──────── RECORDS TO USE ────────
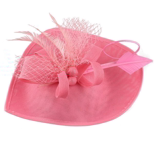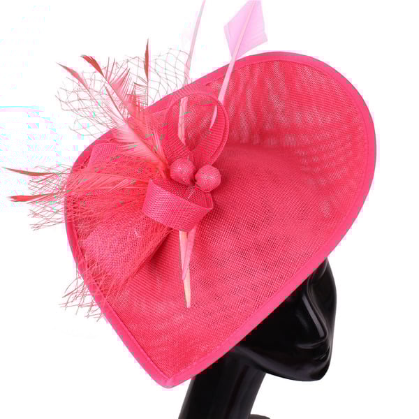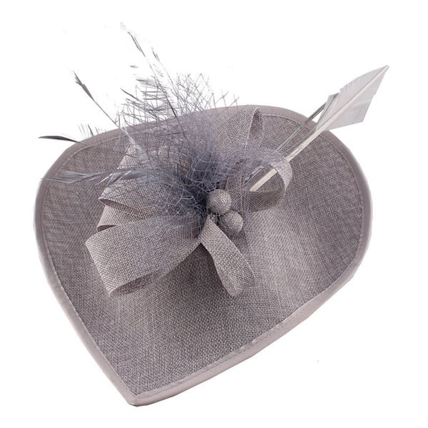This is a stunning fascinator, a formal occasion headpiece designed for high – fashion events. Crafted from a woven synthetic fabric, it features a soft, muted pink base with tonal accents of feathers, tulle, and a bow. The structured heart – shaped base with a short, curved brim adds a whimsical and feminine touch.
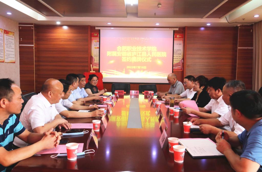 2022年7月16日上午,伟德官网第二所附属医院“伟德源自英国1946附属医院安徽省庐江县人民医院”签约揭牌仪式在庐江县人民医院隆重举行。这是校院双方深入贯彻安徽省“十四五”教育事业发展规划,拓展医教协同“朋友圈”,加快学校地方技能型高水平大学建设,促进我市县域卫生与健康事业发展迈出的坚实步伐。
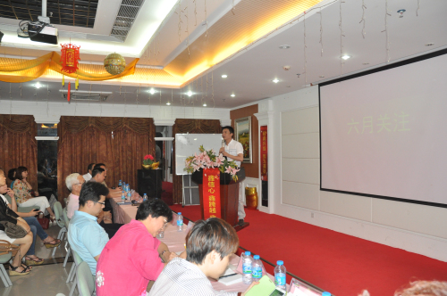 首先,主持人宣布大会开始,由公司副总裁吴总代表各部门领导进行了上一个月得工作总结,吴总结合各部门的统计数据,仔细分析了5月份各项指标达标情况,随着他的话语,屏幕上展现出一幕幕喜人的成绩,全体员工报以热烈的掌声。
────────
──────── RECORDS TO USE ────────
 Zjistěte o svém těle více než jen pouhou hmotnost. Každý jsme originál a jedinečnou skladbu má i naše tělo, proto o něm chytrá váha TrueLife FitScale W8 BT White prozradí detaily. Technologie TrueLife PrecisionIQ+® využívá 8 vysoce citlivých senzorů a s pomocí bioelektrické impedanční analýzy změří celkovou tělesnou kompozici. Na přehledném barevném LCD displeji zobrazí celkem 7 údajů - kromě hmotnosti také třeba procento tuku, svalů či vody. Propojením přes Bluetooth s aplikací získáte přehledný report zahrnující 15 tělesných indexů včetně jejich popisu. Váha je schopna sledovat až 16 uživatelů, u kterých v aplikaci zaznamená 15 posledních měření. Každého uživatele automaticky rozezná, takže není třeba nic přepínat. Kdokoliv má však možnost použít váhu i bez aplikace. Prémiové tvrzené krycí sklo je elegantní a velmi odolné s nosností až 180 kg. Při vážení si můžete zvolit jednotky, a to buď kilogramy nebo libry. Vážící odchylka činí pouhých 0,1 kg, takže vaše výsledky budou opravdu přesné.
────────
WHAT YOU NEED TO DO
Please copy the lines above exactly, starting at the line that holds "2022年7月16日上午,伟" and ending at the line that holds "首先,主持人宣布大会开始,由"; include both, but no pictures.

OUTPUT OF THE TASK
 2022年7月16日上午,伟德官网第二所附属医院“伟德源自英国1946附属医院安徽省庐江县人民医院”签约揭牌仪式在庐江县人民医院隆重举行。这是校院双方深入贯彻安徽省“十四五”教育事业发展规划,拓展医教协同“朋友圈”,加快学校地方技能型高水平大学建设,促进我市县域卫生与健康事业发展迈出的坚实步伐。
 首先,主持人宣布大会开始,由公司副总裁吴总代表各部门领导进行了上一个月得工作总结,吴总结合各部门的统计数据,仔细分析了5月份各项指标达标情况,随着他的话语,屏幕上展现出一幕幕喜人的成绩,全体员工报以热烈的掌声。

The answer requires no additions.